= Georg Rudolf Boehmer =

German botanist and physician

Georg Rudolf Boehmer (German: Böhmer) (1 October 1723 – 4 April 1803) was a German botanist and physician born in Liegnitz.

He studied botany at the University of Leipzig under Christian Gottlieb Ludwig (1709–1773). In 1752, he succeeded Abraham Vater (1684–1751) as professor of botany and anatomy at the University of Wittenberg, where in 1782 became a professor of therapy. During his career he also had part-time duties as city physician (Stadtphysikus) in Wittenberg, later serving a similar function in Kemberg.

Among his publications was a five-volume work on natural history called Bibliotheca scriptorum historiae naturalis. The plant genus Boehmeria from the family Urticaceae is named in his honor. He is also known as an entomologist.

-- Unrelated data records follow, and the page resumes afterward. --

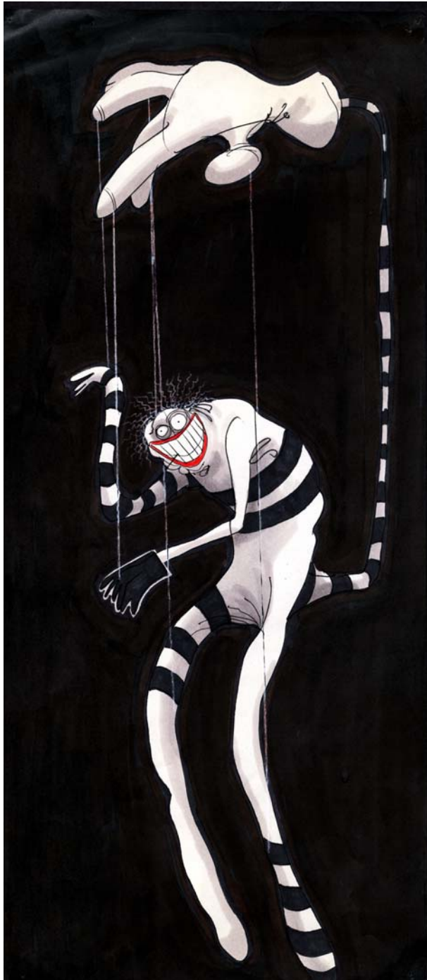
Tim Burton (American, b. 1958) Untitled (Creature Series) 1980–1989. Pen, ink, watercolour wash, and coloured pencil on paper 15 x 6" (38.1 x 15.2 cm) Private collection © 2010 Tim Burton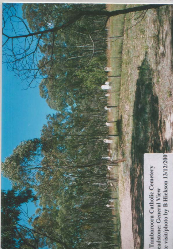
10. Tambaroora Catholic Cemetery Headstone: General View site visit 13/12/2007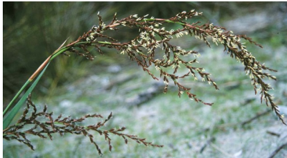
GJ Lepidosperma ensiforme

white kunzea shrub to 4m; masses of white flowers; leaves narrow, tufted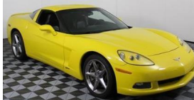
Velocity Yellow Auto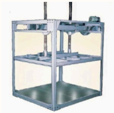
Cold Press Manual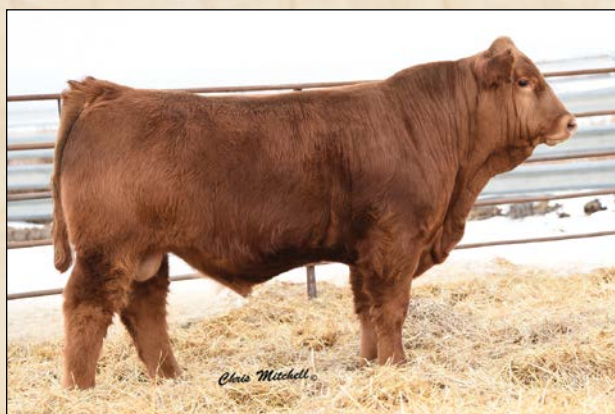
CMK E27 • Sells as Lot 41.

Low birthweight of 71 and a weaning weight of 758. Excellent low birth/performance combination bull with an outcross pedigree.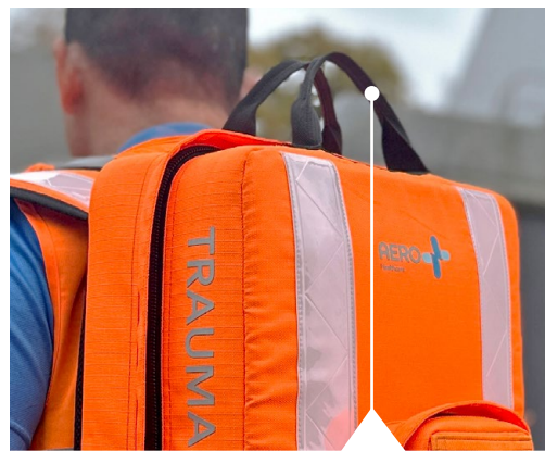
Reinforced Carry Handles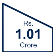
All Time Highest Salary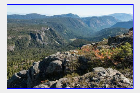
Cruickshank Canyon view [Tim Penney photo]

Lunch break view of the Cruickshank Canyon [Tim Penney photo]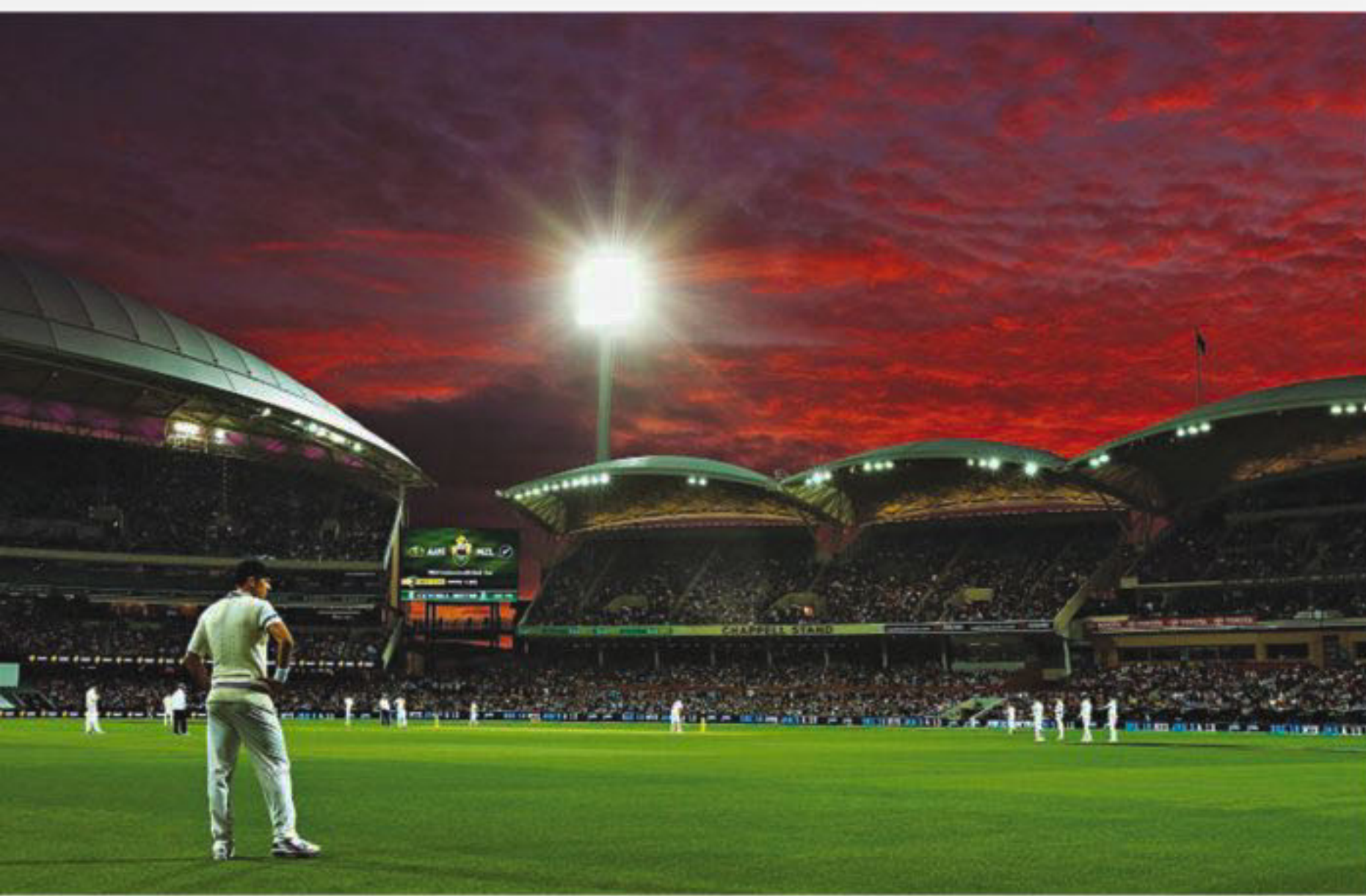
The Adelaide Oval became part of history on Friday as day-night Test with pink ball made its debut through the third Test between Australia and New Zealand.

"The pitch was a difficult factor, it was turning and bouncing whether it was the new ball or the old one," said Amla. "It was a hard game, but we are obviously very disappointed." SCORES IN BRIEF INDIA: First innings 215 SOUTH AFRICA: First innings 79 INDIA: Second innings 173 SOUTH AFRICA: Second innings 185 all out (Elgar 18, Amla 39, Du Plessis 39, Duminy 19; Ashwin 7-66, Mishra 3-51) Result: India won by 124 runs; Lead four-match series 2-0. Player-of-the-match: Ravichandran Ashwin.

== Selected publications ==
- Lexicon rei Herbaria
- Technische Geschichte der Pflanzen (Technical history of plants)
- Bibliotheca scriptorum historiae naturalis, five volumes 1785–1789.
- Systematisch-literarische Handbuch der Naturgeschichte, Ökonomie und anderer damit verwandter Wissenschaften und Künste (Systematic and literary handbook of natural history, economics and related sciences and arts).